Many years have gone by. The tailor’s house still stands, though no one lives in it. It will fall during the first winter storm. The pond is overgrown with reeds and duckweed. The wind is blowing through the branches of the old willow; it is as if one were listening to a song: the wind is singing it, the tree is telling it. If you do not understand the words, then ask old Johanna, who lives in the poorhouse.
She is still alive. She still sings the old hymn that she sang for Rasmus. She thinks about him and prays for him. She is faithful.
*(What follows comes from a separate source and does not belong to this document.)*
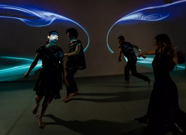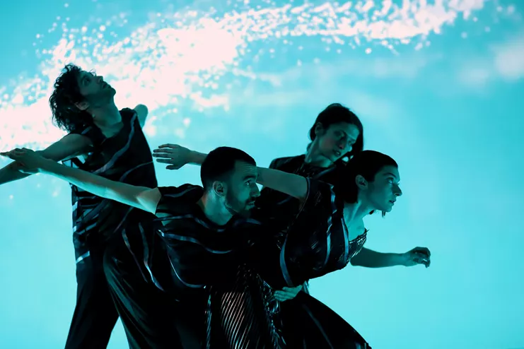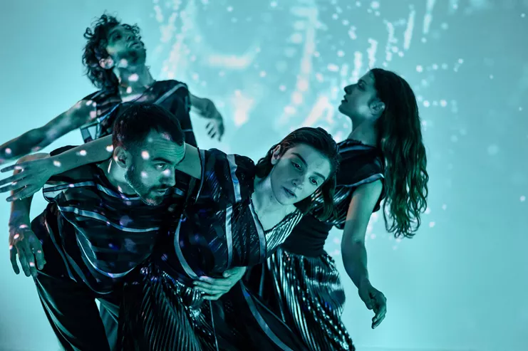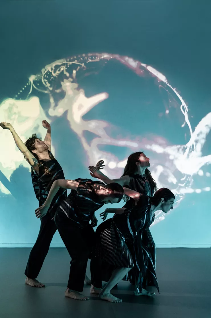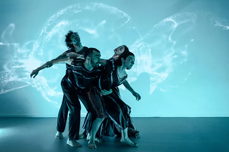 Τα στοιχεία της φύσης συνδιαλέγονται ως παλλόμενα σώματα επί σκηνής, συνθέτοντας ένα χορό θέσεων και αντιθέσεων, μέσω μιας ενορχηστρωμένης αρχέγονης τελετουργίας. Τα σώματα δονούνται είτε σαν τα μόρια της ύλης σε μεγέθυνση είτε κινούνται σαν ρευστά υπό την επίδραση των φυσικών νόμων και φαινομένων. Ένα επί σκηνής ξεδίπλωμα της φύσης, της δημιουργίας και της καταστροφής της, μας κάνει να αναρωτηθούμε: Ποια είναι τελικά η σχέση μας με τη φύση; Αφιερώνουμε το χρόνο μας σε αυτή; O χρόνος διαστέλλεται, ενώ 4 σώματα δονούνται πάνω στη γη που σείεται. Πλημμυρίζουν τη σκηνή πλέκοντας υδάτινες δίνες και αέρινους στροβίλους. Ατενίζουμε τη σταδιακή εξάπλωση μιας φλόγας μέχρι αυτή να μεταμορφωθεί σε μια πύρινη μάχη. Το κουαρτέτο μεταβαίνει στον ανεξερεύνητο Πλατωνικό αιθέρα. Το άρρητο αυτό στοιχείο, συνδετικός κρίκος των υπολοίπων, καταλαμβάνει τον ενδιάμεσο χώρο, προσκαλώντας μας σ’ ένα συμπαντικό κοσμικό χορό.

She can tell you about times past: the memories that the wind sings about in the old tree.
154
The Front Door Key
Every key has its history; and there are many of them: the key for winding up the clock, the key to the city, St. Peter’s keys. We could tell about them all, but this story is only about the key that opened the main entrance of the home of a highly respected gentleman. He was a city councilor.
The key had been made by a locksmith, but if one judged by its size and weight, it could have been the work of a blacksmith. It was too big for the councilor’s trousers pocket and could only just be forced into his coat pocket. There it lay in the darkness, but the rest of the time it had its own special place, where it always hung on a nail, beside the framed silhouette of the councilor as a child, in which he looked like a muffin with a frilly shirt on.